What needs to be done ▸
Would you transcribe the listing that follows word for word, skipping pictures?
___ Supplied data
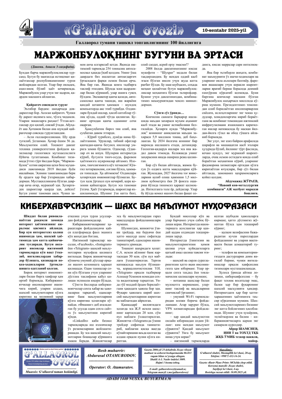 🏛G'allaorol tumani axborot-kutubxona markazi xodimi Safarbekova Sarvinozning "Kitob va mutolaa haftaligi " nomli maqolasi chop etildi!
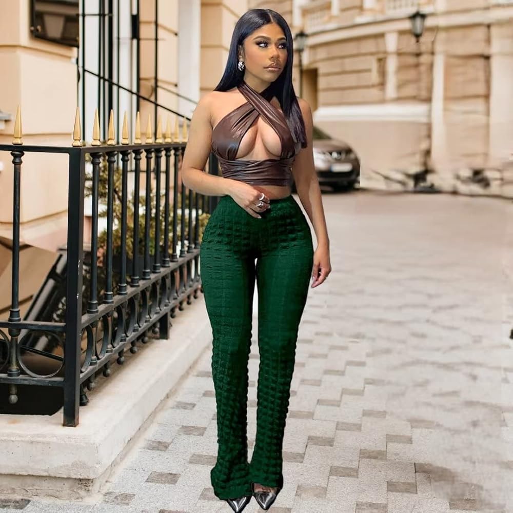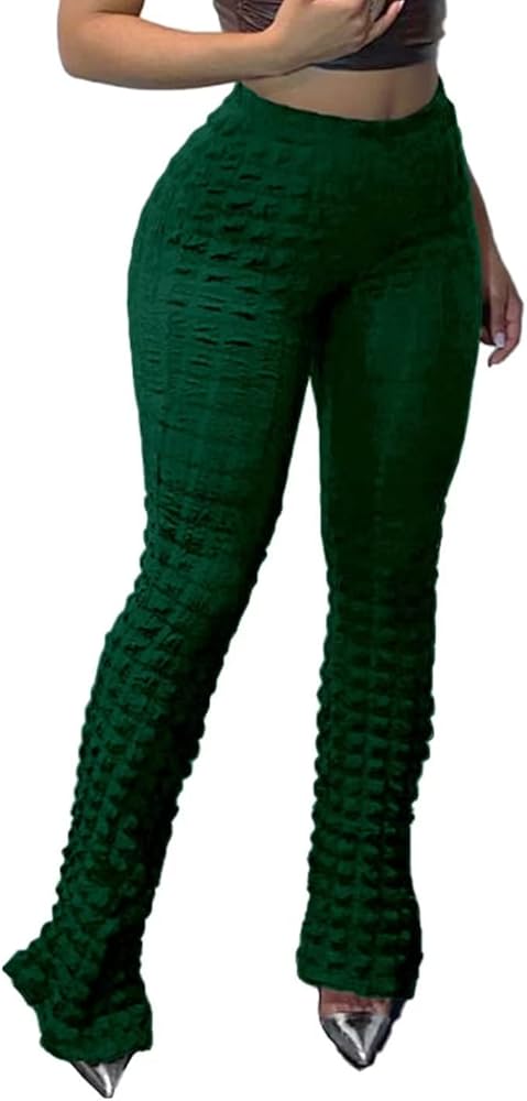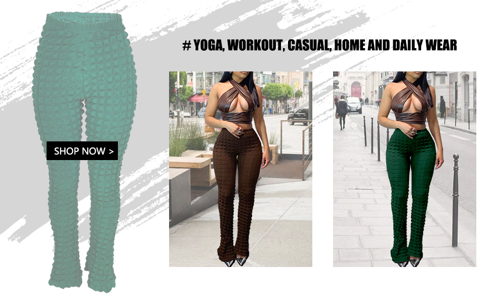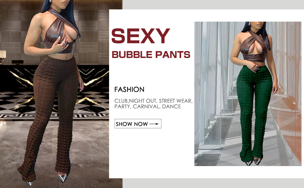 Features: Bodycon flare pants for women, with stylish bubble design, high waist, Bootcut bell bottom flare pants. Bubble checkered pants make you more fashionable when walking on the street. High stretchy flare trousers for women, floor Length, solid color, 70's fashion style pants makes you more charming.
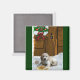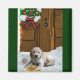 Linda arte de Natal de Goldendoodle. O filhote de Goldendoodle espera na varanda coberta de neve para que Papais noeis cheguem, guardando cookies de Papais noeis. Presentes de Natal maravilhosos, cartões de Natal, postagem, roupa e muito mais.
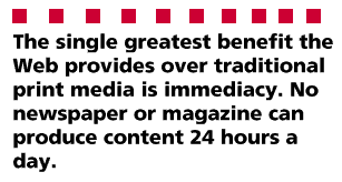 The corollaries between the Web and the print industry are many, however if I had to choose the single greatest benefit the Web provides over traditional print media it is this: immediacy. In short, there are no newspapers or magazines that can produce content 24 hours a day. Print is constrained by production and time. Frequency of distribution is limited to how much you can spend on production and publication. Again, the constraint is on distribution of the information. The range of distribution via print is directly scaleable with the amount of money you put into publishing the information. Along with immediacy, the Web provides the ability to deliver a tremendously larger amount of content than traditional print. This is a often taken for granted, but it is extremely important.
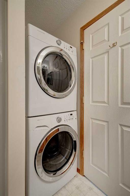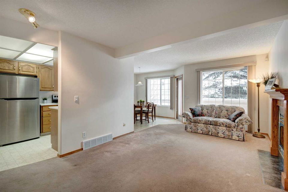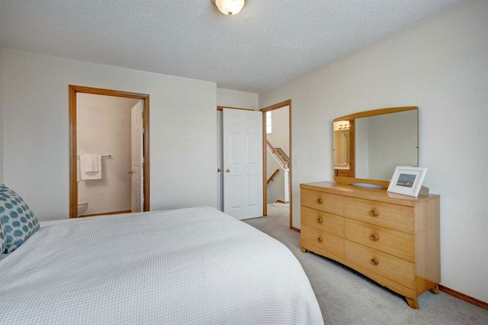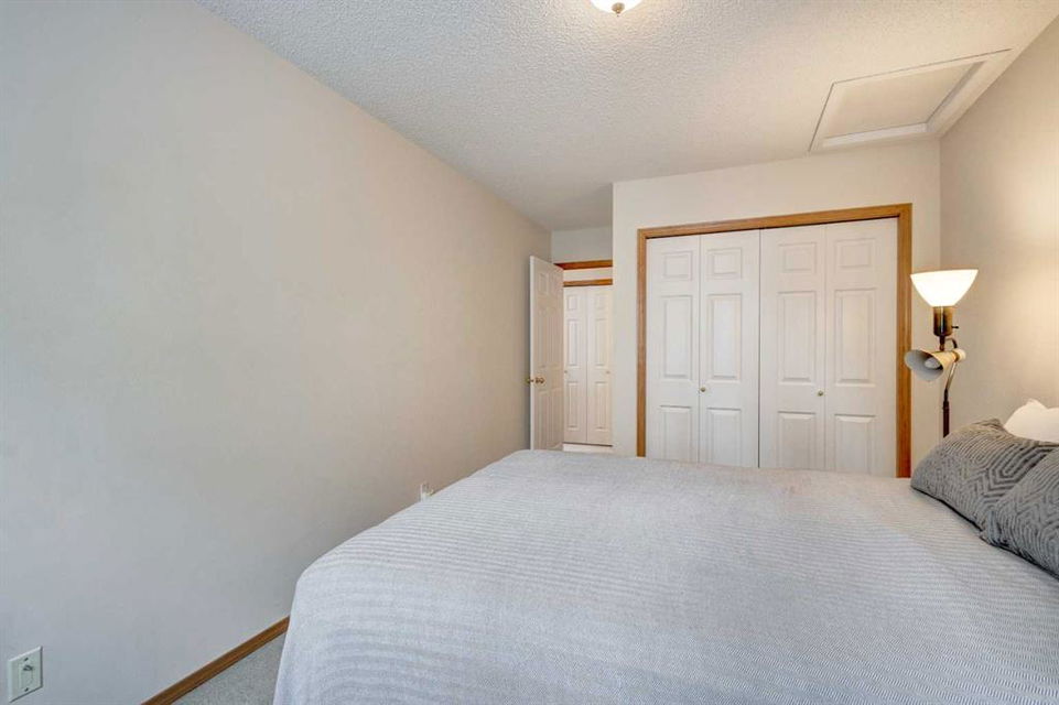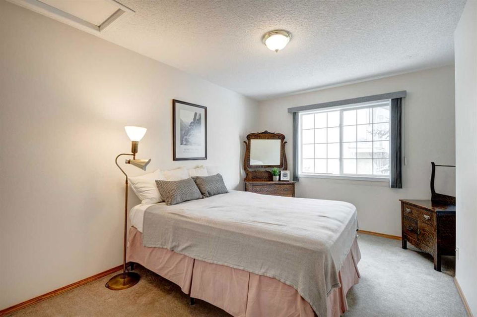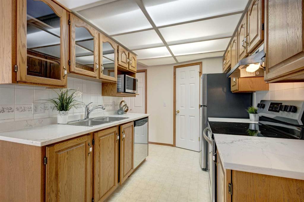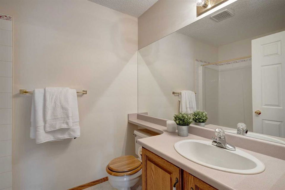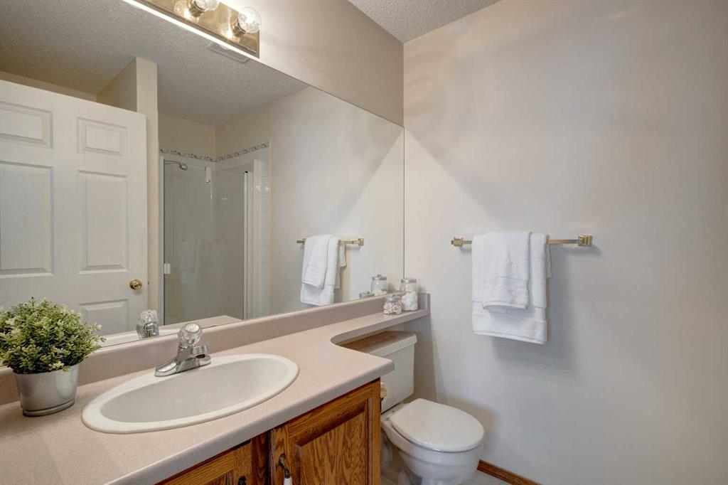 Bright and spacious end unit 2 bedroom, 2 bathroom duplex style condo with single attached garage, south facing patio, and basement living space. Spacious main level with a large living room featuring a gas fireplace and south facing window looking out at trees, good sized kitchen with newer stainless steel appliances, quartz countertops and a pantry, and dining nook with south facing windows and access to the patio. The next level up half a flight of stairs you will find the primary bedroom with a walk-in closet and a full ensuite bathroom which includes a walk-in shower and the stacked newer washer and dryer are tucked away behind the bathroom door. The next half level up is the top level with a spacious, bright flex room with windows and skylight, 2nd bedroom, and the 2nd full bathroom with a tub/shower combo. The basement is partially finished and has a rec room, workshop, roughed-in 3 piece bathroom, utility room with storage shelves built-in, and under the stair storage area. Hot water tank replaced in 2020. Great single attached garage that is large enough to fit a truck and full driveway in front of garage for extra parking. Well run complex located close to a grocery store, restaurants, parks and schools. Great access in and out of the community although tucked away in quiet location. Well maintained home that is ready for a few cosmetic updates and for a new family to move in and enjoy!
______
Task result ▸
 🏛G'allaorol tumani axborot-kutubxona markazi xodimi Safarbekova Sarvinozning "Kitob va mutolaa haftaligi " nomli maqolasi chop etildi!
 Features: Bodycon flare pants for women, with stylish bubble design, high waist, Bootcut bell bottom flare pants. Bubble checkered pants make you more fashionable when walking on the street. High stretchy flare trousers for women, floor Length, solid color, 70's fashion style pants makes you more charming.
 Linda arte de Natal de Goldendoodle. O filhote de Goldendoodle espera na varanda coberta de neve para que Papais noeis cheguem, guardando cookies de Papais noeis. Presentes de Natal maravilhosos, cartões de Natal, postagem, roupa e muito mais.
 The corollaries between the Web and the print industry are many, however if I had to choose the single greatest benefit the Web provides over traditional print media it is this: immediacy. In short, there are no newspapers or magazines that can produce content 24 hours a day. Print is constrained by production and time. Frequency of distribution is limited to how much you can spend on production and publication. Again, the constraint is on distribution of the information. The range of distribution via print is directly scaleable with the amount of money you put into publishing the information. Along with immediacy, the Web provides the ability to deliver a tremendously larger amount of content than traditional print. This is a often taken for granted, but it is extremely important.
 Bright and spacious end unit 2 bedroom, 2 bathroom duplex style condo with single attached garage, south facing patio, and basement living space. Spacious main level with a large living room featuring a gas fireplace and south facing window looking out at trees, good sized kitchen with newer stainless steel appliances, quartz countertops and a pantry, and dining nook with south facing windows and access to the patio. The next level up half a flight of stairs you will find the primary bedroom with a walk-in closet and a full ensuite bathroom which includes a walk-in shower and the stacked newer washer and dryer are tucked away behind the bathroom door. The next half level up is the top level with a spacious, bright flex room with windows and skylight, 2nd bedroom, and the 2nd full bathroom with a tub/shower combo. The basement is partially finished and has a rec room, workshop, roughed-in 3 piece bathroom, utility room with storage shelves built-in, and under the stair storage area. Hot water tank replaced in 2020. Great single attached garage that is large enough to fit a truck and full driveway in front of garage for extra parking. Well run complex located close to a grocery store, restaurants, parks and schools. Great access in and out of the community although tucked away in quiet location. Well maintained home that is ready for a few cosmetic updates and for a new family to move in and enjoy!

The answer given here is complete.